If you are subscriber of the Lightbend Platform and use the Akka Split Brain Resolver, when you update to Lagom 1.6.4 you can opt out of the commercial implementation and use the Open Source Akka Split Brain Resolver. The migration has two steps:

  1. remove the dependency:
// before
"com.lightbend.akka" %% "akka-split-brain-resolver" % "1.1.14"
// after
// The OSS SBR implementation is part of "akka-cluster" so you don't need to add a new dependency
  1. update your settings to use the new implementation:
## Before:
akka.cluster.downing-provider-class = "com.lightbend.akka.sbr.SplitBrainResolverProvider"
## After:
akka.cluster.downing-provider-class = "akka.cluster.sbr.SplitBrainResolverProvider"

Note that a rolling upgrade where some nodes use the commercial SBR and other nodes use the OSS SBR is possible as long as all nodes use the same configuration values (active-strategy, stable-after,…)

§Cluster shutdown migrating from Lagom 1.5

Lagom 1.6.0 has a few new default settings that will prevent you to run a rolling upgrade. In case you prefer to run a rolling upgrade, you will need to opt-out from each of these new defaults as explained below.
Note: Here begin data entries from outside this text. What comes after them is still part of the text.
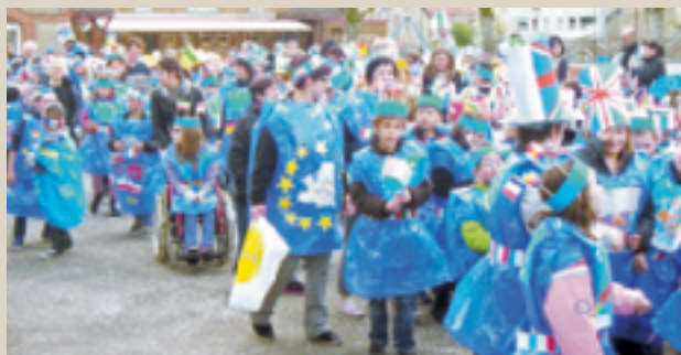
Carnaval des écoles. ■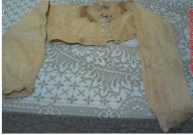
Şekil.63. Brmcek Gmlek,

Krem renkte olup uzun kolludur. Kollarında iğne oyaları bulunmaktadır. Yakasız ve yirik-dğmeli bir gmlektir. İpek, saf olarak kullanılırsa brmcek adı verilir. Eđer ipek-iplik karışımı kullanılırsa ‘yznakma’ adı verilir. 90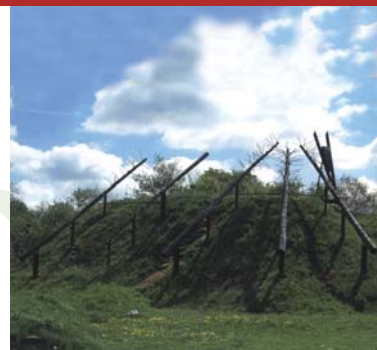
6. Les Cheveux de Saturne

Eest constitué de trois poutrelles de fer formant un triangle. Le triangle symbolise le spirituel tandis que la forme circulaire de la zone symbolise l'infini, le ciel et le cosmos.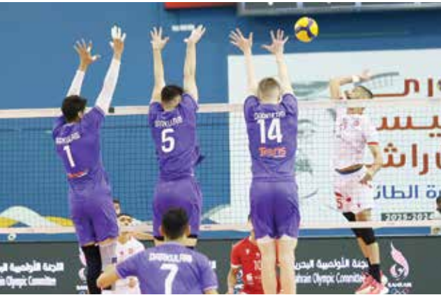
○ من لقاء المحرق ودار كليب.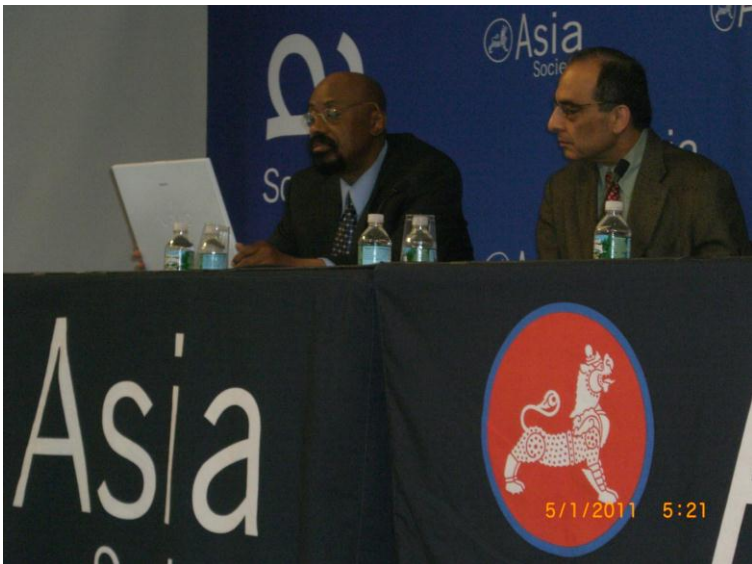
ددي دستوري يو بل عكس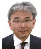
環境省 地球環境局長 森下 哲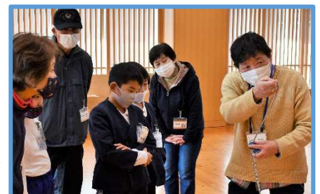
しっかりとルールを教わるようす

厚陽あそび隊は第2・4水曜日に行っています。安全管理員さんも随時募集しています♪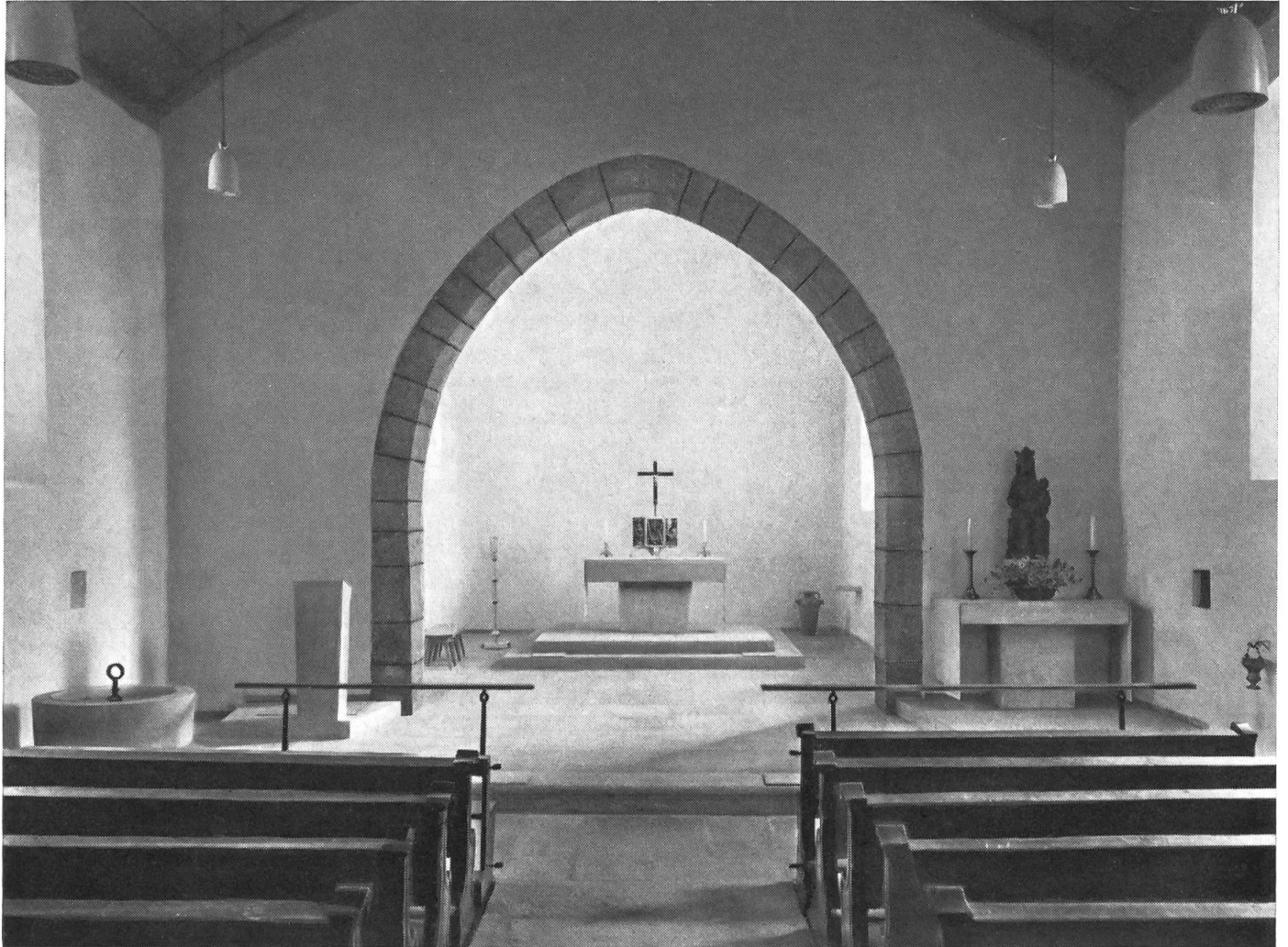
Gesamtansicht des Chorraumes mit Marienaltar, Ambo und Taufstein St.-Martins-Kirche Pfeffingen/BL

This is a summary of changes in Lagom 1.6 that would require a full cluster shutdown rather than a rolling upgrade:

§A note on Rolling Updates and PATCH Versions

Sometimes patch versions of Akka Cluster introduce changes that make certain pairs of versions incompatible. As a consequence, sometimes it is necessary to upgrade in multiple steps if downtime is not possible. See, for example, the following note in the Akka Docs on Rolling Updates and Versions:

This means that a rolling update will have to go through at least one of 2.6.2, 2.6.3 or 2.6.4 when upgrading to 2.6.5 or higher or else cluster nodes will not be able to communicate during the rolling update.
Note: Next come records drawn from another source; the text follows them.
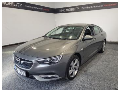
Fot. 6 Lewy bok przód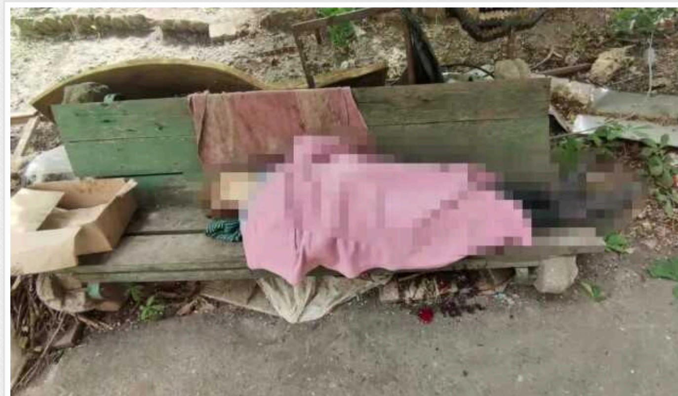
Унаслідок обстрілів Донецчини загинули троє та поранено двох мирних жителів

26 травня 2024 року окупанти обстріляли м. Сіверськ. Внаслідок атаки на подвір'ї будинку загинула 86-річна жінка.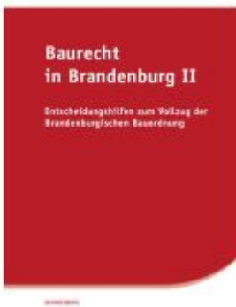
Baurecht in Brandenburg II Ladenpreis: 15,40EUR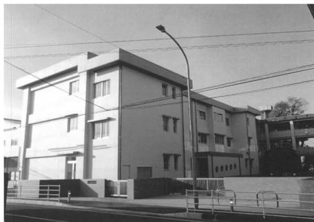
【託麻東小学校校舎】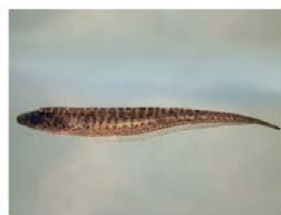
8 Brachyhypopomus occidentalis Gymnotiformes - Hypopomidae "Bio-bio"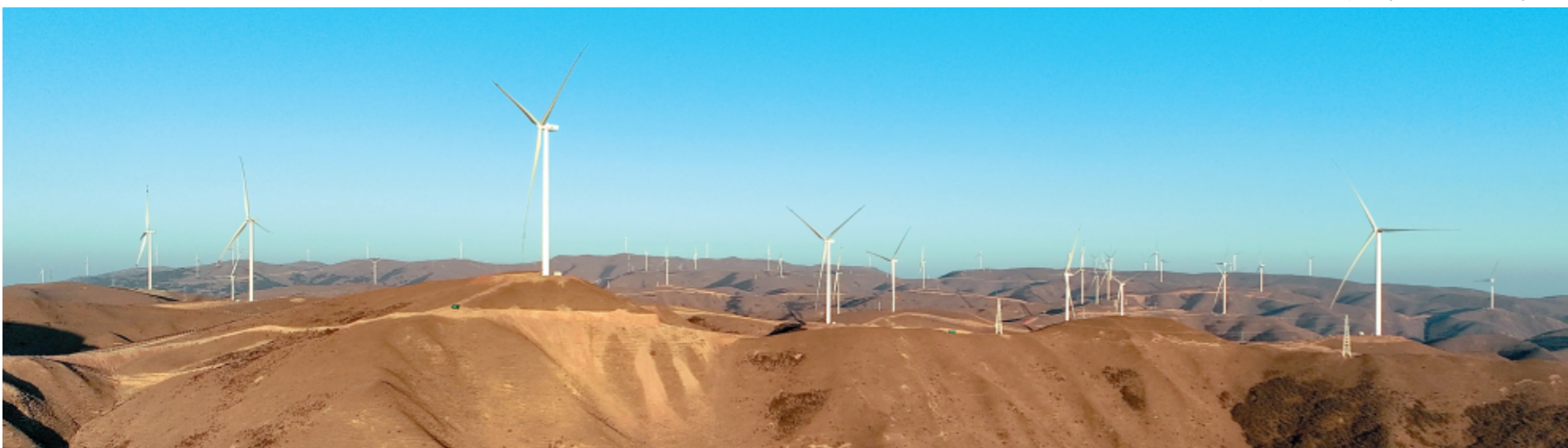
礼县固城200兆瓦风力发电场。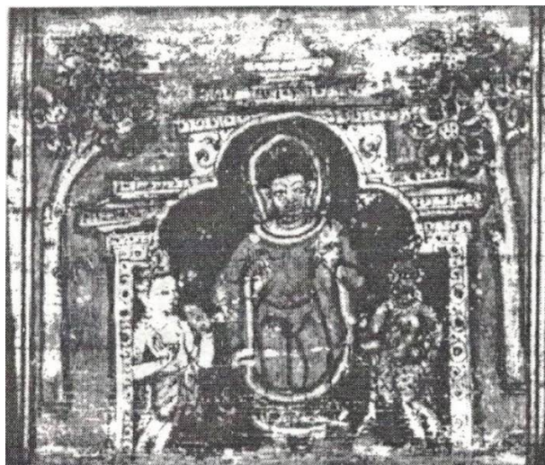
Рис. 3. Симхаладвипе Дипанкара, 1015 г.

1015 г. Симхаладвипе Дипанкара, справа – белый Авалокитешвара, слева – зеленый Ваджрапани [7, с. 2.189] № 3, 1.78.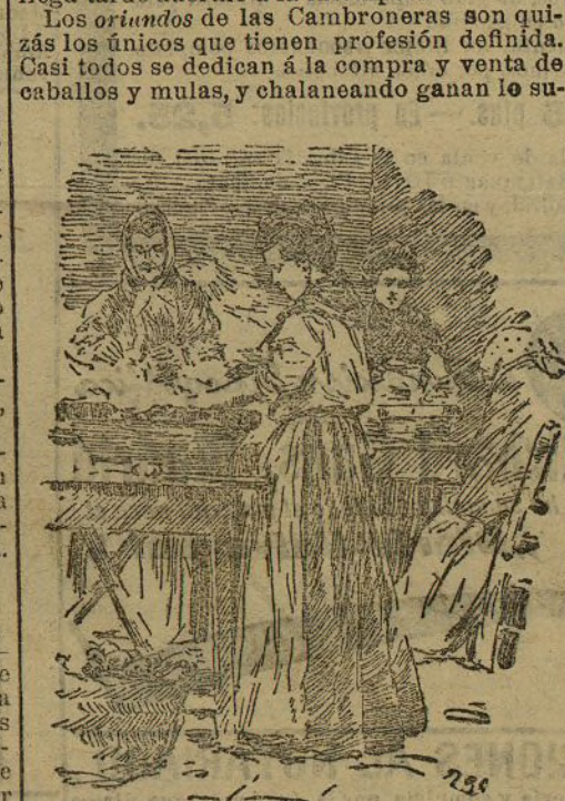
Peladoras de tomate

Los oriundos de las Cambronerías son quizás los únicos que tienen profesión definida. Casi todos se dedican a la compra y venta de caballos y mulas, y chalanando ganan lo su-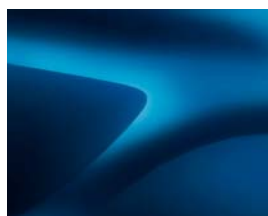
BLEU AZURITE (RPL) ***(2)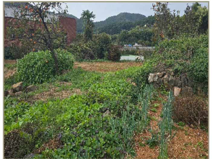
기호(1) 일부 전경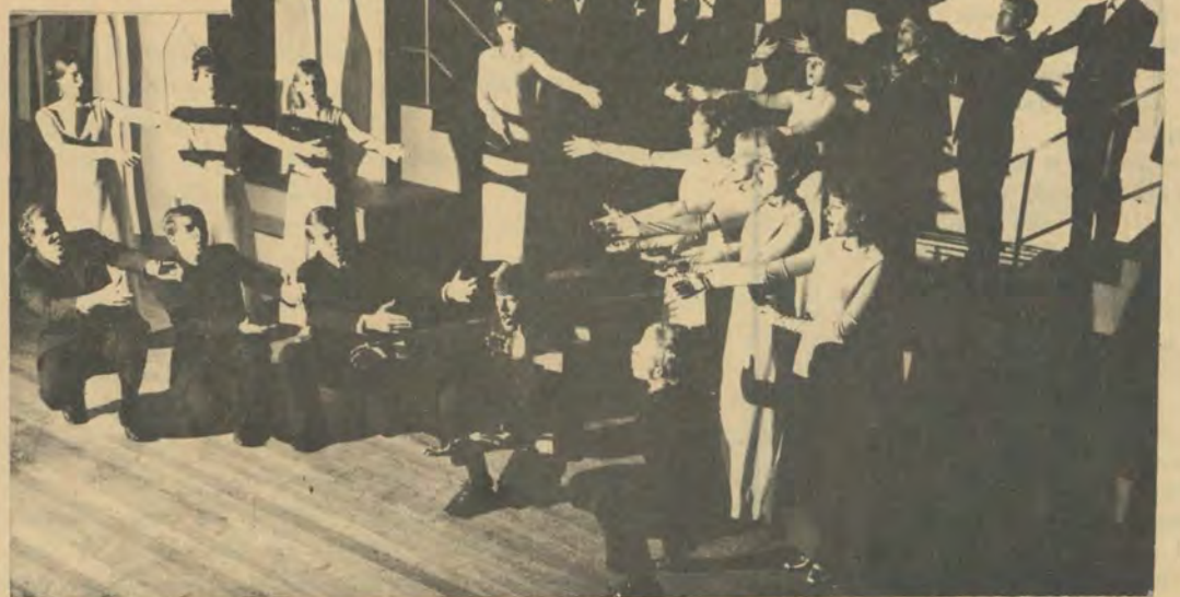
Die Alabama-toergroep wat weer terug is na 'n besonder suksesvolle toer met Revue '70.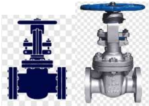
Pamje per orjentim

Valvol celiku 4" me fllanxhe , per perdorim ne gazoil. Klasi 150 i fllanxhes. Valvol (saracinesk) qe manvrohet (hapje mbyllje ) duke rrotulluar volantin. Valvol me fllanxhe per tu bashkuar me bulona.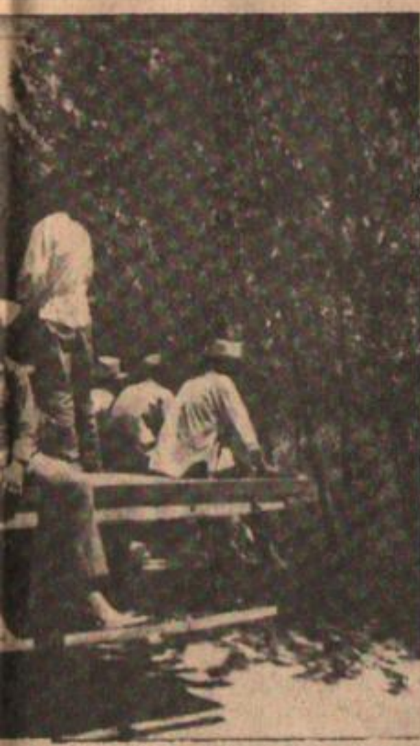
devolución del sindicato.

Asistieron delegados y compañeros de 38 establecimientos, además de delegaciones de Córdoba y Villa Constitución. ♦

What this means for Lagom is that directly upgrading from 1.6.0 to 1.6.3, for example, is not possible in a rolling upgrade. Instead, you should first migrate to 1.6.2 deploy the upgraded version and then upgrade to 1.6.3. Following is a table of safe migrations (versions that can coexist safely during a rolling upgrade):

from to
1.6.0 1.6.2
1.6.1 1.6.3
1.6.2 1.6.3

Note: Lagom doesn’t use jackson-cbor serializer internally, but if you have jackson-cbor in your serialization-bindings you need to know about JacksonCborSerializer issue in Akka, and a rolling upgrade will have to go through 1.6.3 when upgrading to 1.6.3 or higher.
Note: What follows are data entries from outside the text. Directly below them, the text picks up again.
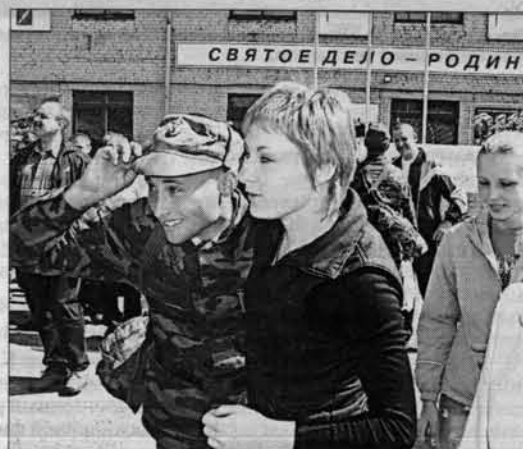
Что там, за горизонтом?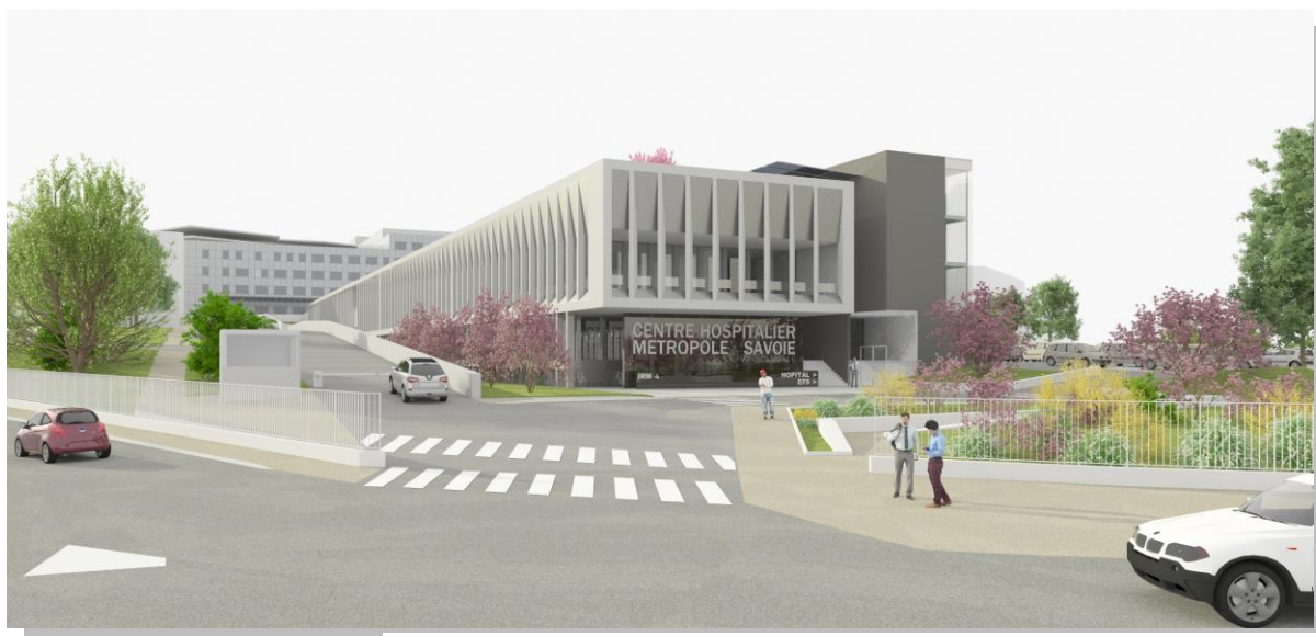
Vue depuis le rond-point Biset en provenance du centre-ville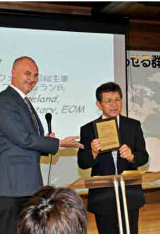
Overrekkelse av plakett fra EOM: "Gratulerer med ny kirke. Hittil har Herren hjulpet."

Det var stor høytidelighet ved åpningen av det nye store bygget til Global Mission Centre i Iwaki lørdag 29.september. Gjester fra fjern og nær var samlet for å feire begivenheten.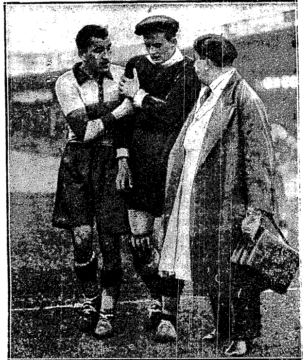
NIE CHCĘ WIĘCEJ ZNAĆ WĘGRÓW —

Przeglądu Sportowego inż. Jerzy Grabowski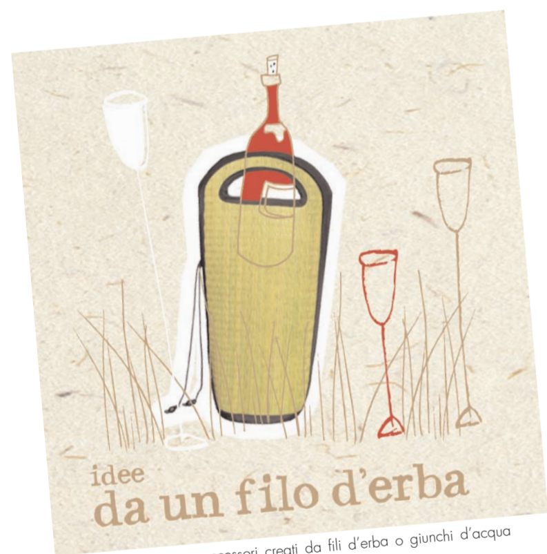
Portabottiglie, borse e accessori creati da fili d'erba o giunchi d'acqua

ACCESSORI ABBIGLIAMENTO ARTICOLI BAMBINI DECORAZIONI TAVOLA HOME DECOR BOMBONIERE REGALI AZIENDALI

§Multi-step upgrade: serialization

Changes in default serializers require rolling upgrades to happen in two steps.

§Step 1: new binary, old serializers

First, you will have to deploy a version of your binary that’s already a Lagom 1.6.x application but you must set it up to use the serializers that are compatible with Lagom 1.5.x so your old nodes can continue to operate. On your application.conf use:

## Lagom 1.6 no longer enables Java serialization by default but some
## code in Lagom 1.5 (or your own code) still used it so we enable it back.
akka.actor.allow-java-serialization = on

## Configures Akka to only produce messages using the `old-lagom-json` serializer
akka.actor {
  serialization-bindings {
    "com.lightbend.lagom.serialization.Jsonable" = old-lagom-json
    "com.lightbend.lagom.serialization.CompressedJsonable" = old-lagom-json
  }
}

The setup above makes all traffic and durable data produced by Lagom 1.6 code to be readable by a Lagom 1.5 binary.

§Step 2: new binary, default serializers

Once all your production nodes are running a binary of your service based on Lagom 1.6 you can remove the settings for the old serializers from application.conf and use the defaults.